Given a time series of a set of N assets (let's say 100), how can I find the optimal portfolio, with the constraint that only n<N assets (let's say 10) can be in the portfolio? With 'optimal portfolio' I mean the 'efficient portfolio' (so minimum variance for a given return, or maximum return for a given variance). Within the modern portfolio theory framework one can find the weights for all the N assets, but what if I want n<N assets only?

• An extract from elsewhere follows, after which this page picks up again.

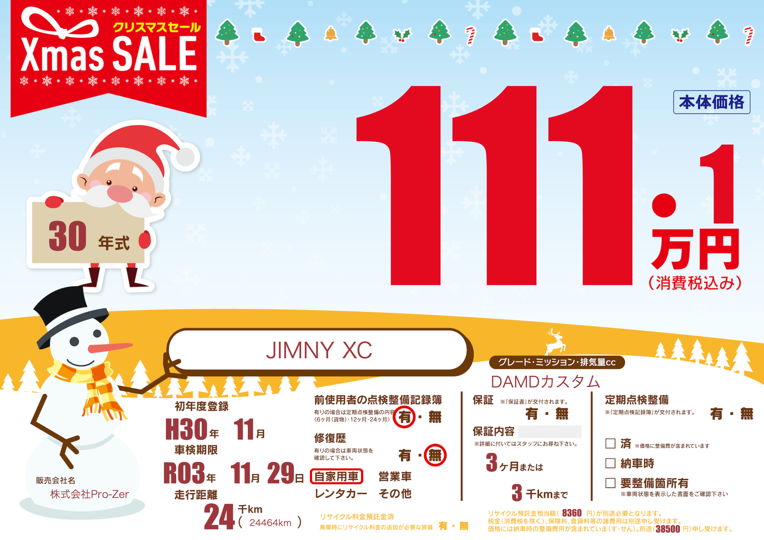 保証なし 保証内容(---) 3ヶ月または(3)千kmまで |

This is generally considered a hard problem to solve because it is an example of a Mixed Integer Non-Linear Programming problem, and would typically require access to a commercial optimisation routine to solve. The problem requires the addition of N variables ($v_i, i=1,N$) to the general Markowitz optimization problem. $v_i$ can take the value 0 or 1 depending on whether an asset is included in the final portfolio. Each asset has modified variable bounds $= l_iv_i < x_i < u_iv_i$, and we have a final constraint on the number of total variables $\Sigma_i v_i <= n$.
Mathworks shows some of the theoretical background at https://uk.mathworks.com/help/optim/ug/mixed-integer-quadratic-programming-portfolio-optimization-solver-based.html. MATLAB's solution requires multiple calls to a Mixed Integer Linear Programming routine.
People have also solved this using more ad-hoc methods in the past (genetic algorithms, simple heuristics). So, for example, one can optimise with the full N assets, remove the smallest position, and repeat until there are only n assets left. This approach is not guaranteed to be optimal but may be practically workable. In particular, when you consider that there is significant estimation error on the tracking error, any further improvement to a truly optimal solution may not be worthwhile.